Get-ClusterSharedVolumeState [[-Name] <StringCollection>] [-Node <StringCollection>] [-InputObject <psobject>] [-Cluster <string>] [<CommonParameters>]

If you run this PowerShell cmdlet providing name of the cluster Physical Disk Resource then for each cluster node it will tell you if on that node if the volume is in File System Redirected mode or Block Level Redirected mode, and will tell you the reason.

Here is how output would look like if Direct IO is possible

PS C:\Windows\system32> get-ClusterSharedVolumeState -Name "Cluster Disk 1"
Name                         : Cluster Disk 1
VolumeName                   : \\?\Volume{1c67fa80-1171-4a9e-9f41-0bb132e88ee4}\
Node                         : clus01
StateInfo                    : Direct
VolumeFriendlyName           : Volume1
FileSystemRedirectedIOReason : NotFileSystemRedirected
BlockRedirectedIOReason      : NotBlockRedirected

Name                         : Cluster Disk 1
VolumeName                   : \\?\Volume{1c67fa80-1171-4a9e-9f41-0bb132e88ee4}\
Node                         : clus02
StateInfo                    : Direct
VolumeFriendlyName           : Volume1
FileSystemRedirectedIOReason : NotFileSystemRedirected
BlockRedirectedIOReason      : NotBlockRedirected

In the output above you can see that Direct IO on this volume is possible on both cluster nodes.

If we put this disk in File System Redirected mode using

PS C:\Windows\system32> Suspend-ClusterResource -Name "Cluster Disk 1" -RedirectedAccess -Force

Name                                    State                                   Node
----                                    -----                                   ----
Cluster Disk 1                          Online(Redirected)                      clus01

Then output of get-ClusterSharedVolumeState will change to

PS C:\Windows\system32> get-ClusterSharedVolumeState -Name "Cluster Disk 1"

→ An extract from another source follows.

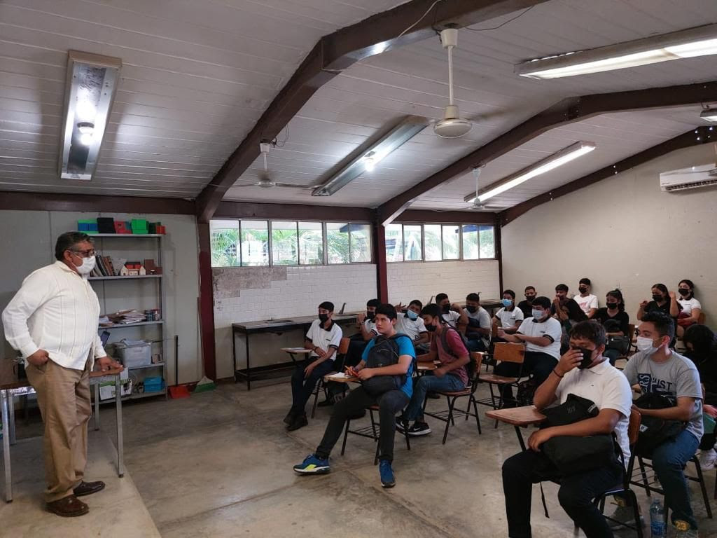 La funcionaria estatal reconoció el gran esfuerzo que realizan los trabajadores de la comunidad bachiller que reciben a las y los jóvenes para cumplir con el calendario escolar oficial e impulsar a los estudiantes a desarrollar las habilidades necesarias.

Name                         : Cluster Disk 1
VolumeName                   : \\?\Volume{1c67fa80-1171-4a9e-9f41-0bb132e88ee4}\
Node                         : clus01
StateInfo                    : FileSystemRedirected
VolumeFriendlyName           : Volume1
FileSystemRedirectedIOReason : UserRequest
BlockRedirectedIOReason      : NotBlockRedirected

Name                         : Cluster Disk 1
VolumeName                   : \\?\Volume{1c67fa80-1171-4a9e-9f41-0bb132e88ee4}\
Node                         : clus02
StateInfo                    : FileSystemRedirected
VolumeFriendlyName           : Volume1
FileSystemRedirectedIOReason : UserRequest
BlockRedirectedIOReason      : NotBlockRedirected

You can turn off File System redirected mode using following cmdlet

PS C:\Windows\system32> resume-ClusterResource -Name "Cluster Disk 1"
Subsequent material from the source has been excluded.